## [Data shown]
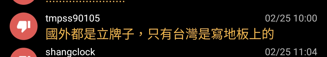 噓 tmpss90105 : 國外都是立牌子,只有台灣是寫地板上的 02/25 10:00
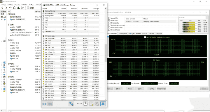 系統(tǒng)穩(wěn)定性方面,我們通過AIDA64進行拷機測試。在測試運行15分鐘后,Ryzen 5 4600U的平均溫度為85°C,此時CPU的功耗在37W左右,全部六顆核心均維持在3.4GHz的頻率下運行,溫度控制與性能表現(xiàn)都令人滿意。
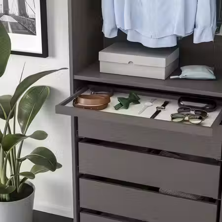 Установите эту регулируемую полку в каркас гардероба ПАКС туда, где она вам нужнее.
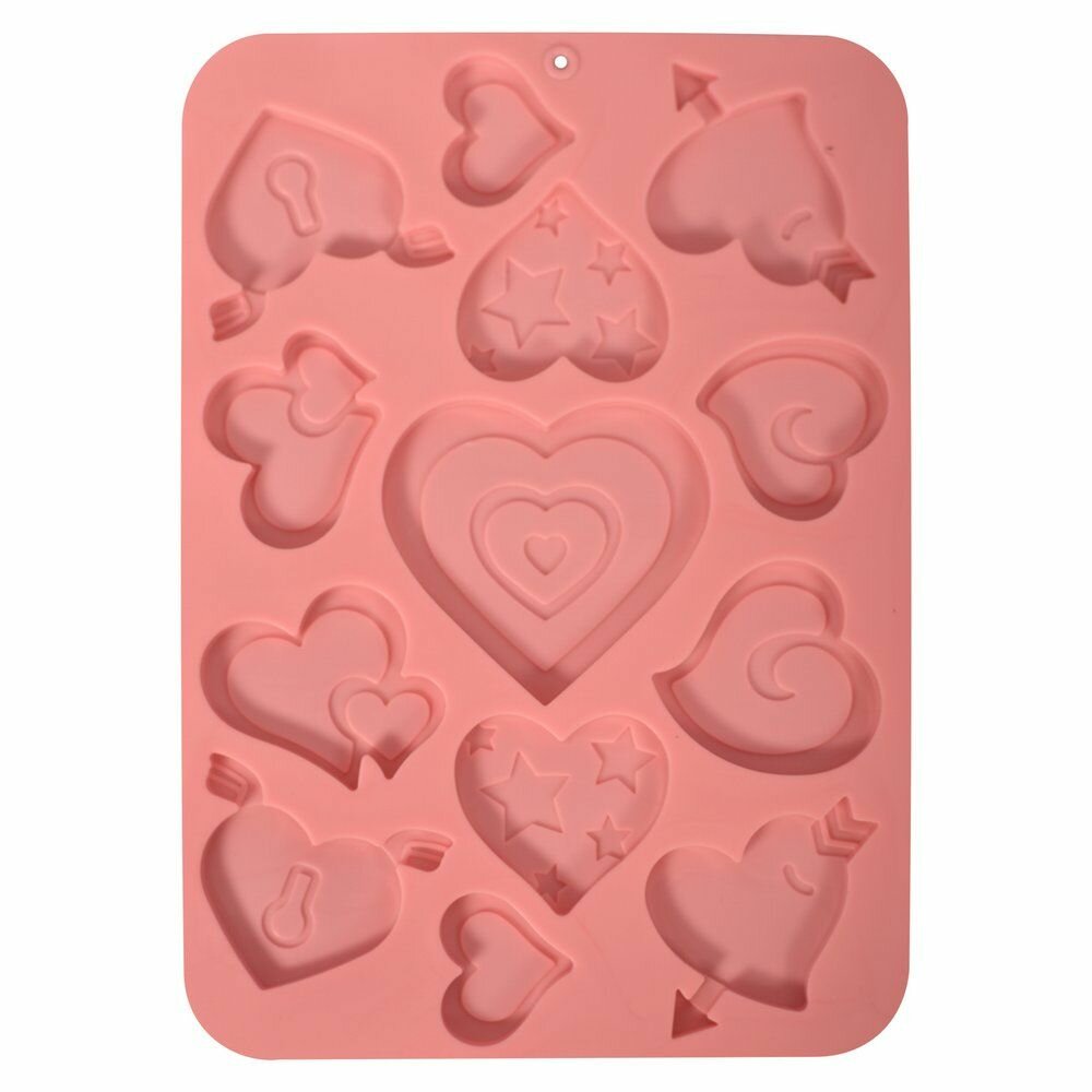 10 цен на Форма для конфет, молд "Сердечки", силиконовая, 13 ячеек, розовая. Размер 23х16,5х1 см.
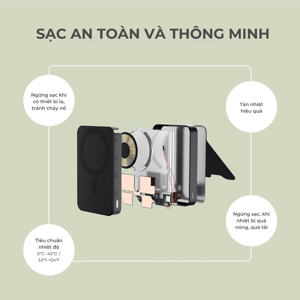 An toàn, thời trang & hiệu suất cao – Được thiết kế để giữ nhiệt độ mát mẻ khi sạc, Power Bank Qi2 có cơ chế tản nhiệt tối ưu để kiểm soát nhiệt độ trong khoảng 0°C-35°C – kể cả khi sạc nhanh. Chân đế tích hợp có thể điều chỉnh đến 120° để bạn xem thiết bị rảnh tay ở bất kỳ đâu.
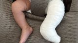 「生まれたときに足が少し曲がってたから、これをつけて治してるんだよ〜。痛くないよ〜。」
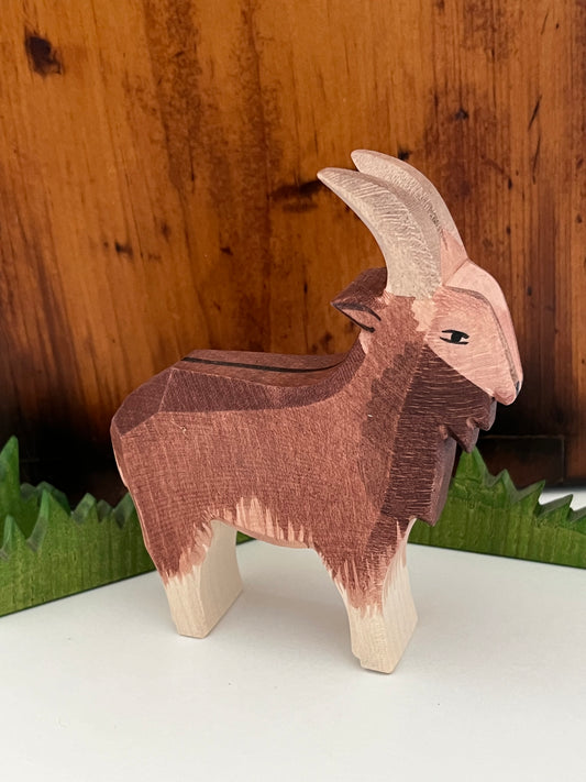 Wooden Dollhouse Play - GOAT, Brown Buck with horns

## [Work item]
The expected output is an exact copy of the lines from the one holding "An toàn, thời" through the last line of the listing above, with the pictures omitted.

## [Solution to this problem]
 An toàn, thời trang & hiệu suất cao – Được thiết kế để giữ nhiệt độ mát mẻ khi sạc, Power Bank Qi2 có cơ chế tản nhiệt tối ưu để kiểm soát nhiệt độ trong khoảng 0°C-35°C – kể cả khi sạc nhanh. Chân đế tích hợp có thể điều chỉnh đến 120° để bạn xem thiết bị rảnh tay ở bất kỳ đâu.
 「生まれたときに足が少し曲がってたから、これをつけて治してるんだよ〜。痛くないよ〜。」
 Wooden Dollhouse Play - GOAT, Brown Buck with horns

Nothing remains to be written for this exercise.